At some point in time, my suspect component will need to be addressed surgically.

There are “suspect components” in many areas of life. In his book, Lone Survivor, Marcus Luttrell described how Navy SEAL boot camp was a ruthless elimination process for an elite fighting force that “cannot tolerate a suspect component.” The incredible physical and mental demands on SEAL candidates ensured that only the strongest made it through. The weaker candidates self-selected out.

As another example, we just had the timing belt changed on our 2006 Honda Pilot. Though that critical part has an expected lifespan of 100,000 miles, its age caused it to be considered a “suspect component” that could fail at any time. A broken timing belt can cause incredible damage to a motor. Rather than risk the belt breaking, we had it replaced.

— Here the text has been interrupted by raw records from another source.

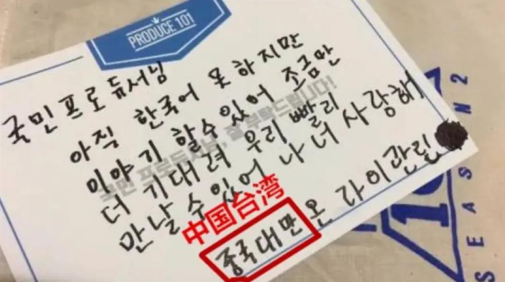 无论是参加节目时用韩语写下"中国台湾"四个大字
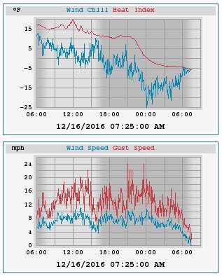 temperature vs. wind gusts last night, recorded wind chill of -25 in Rindge
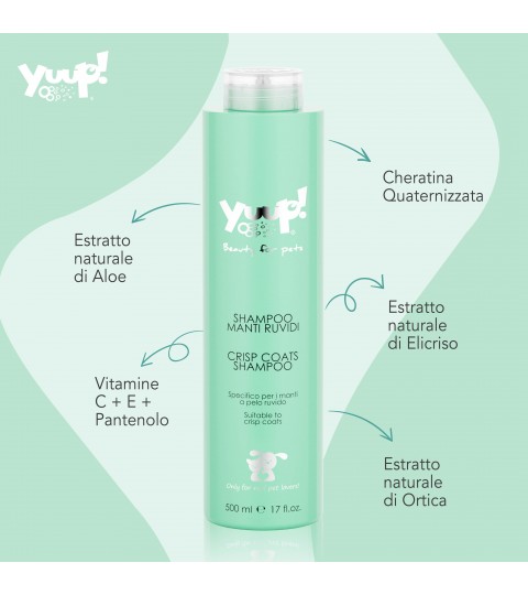 Lo shampoo per manti ruvidi Yuup! è un prodotto ideale per i nostri pelosetti, adatto solo per uso esterno e da utilizzare esclusivamente sulla cute sana.
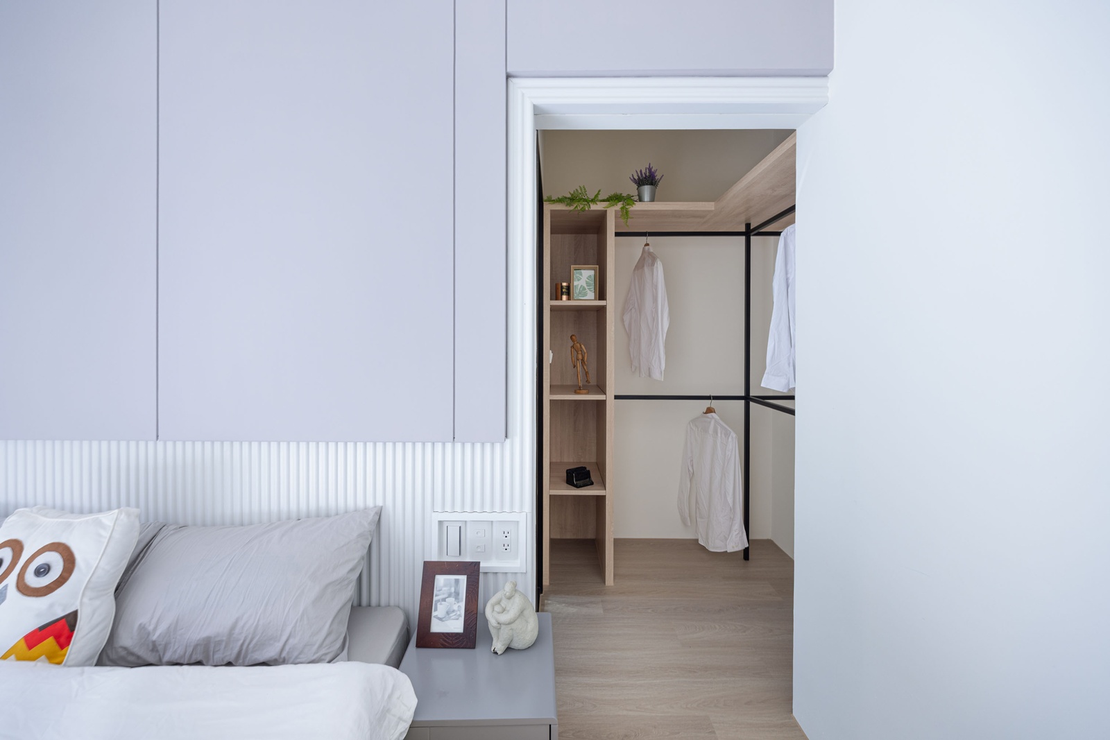 床頭牆以淺紫色為主調,融合溝縫造型與木格柵細節,在簡約中展現優雅層次

We also see suspect components in workplaces. A team member who over-promises and under-delivers erodes team performance as well as team member confidence in his or her ability to carry their load. S/he is a suspect component.

Bosses who manage by fear and intimidation may generate short-term results from their team. Long-term, though, they experience inconsistent service levels, team members quitting and leaving (or quitting and staying), and little proactive problem solving by team members. These bosses are a suspect component – a key but weak part that could break and cause significant damage.

How do you identify suspect components in your team or company? Before you can hold yourself or anyone else in the organization accountable for performance or values,  you have to formally define expected performance and expected valued behaviors. This specifies what an “A+” contributor looks, acts, and sounds like.

With those expectations in place, you observe leaders and players closely. When you see missed performance expectations, you engage, investigate, and coach back to standard. When you see less-than-desired values and citizenship, you engage, investigate, and coach back to standard.

In that environment, suspect components must choose to step up and deliver or to self-select out. If they don’t step up and don’t self-select out, you must lovingly set them free.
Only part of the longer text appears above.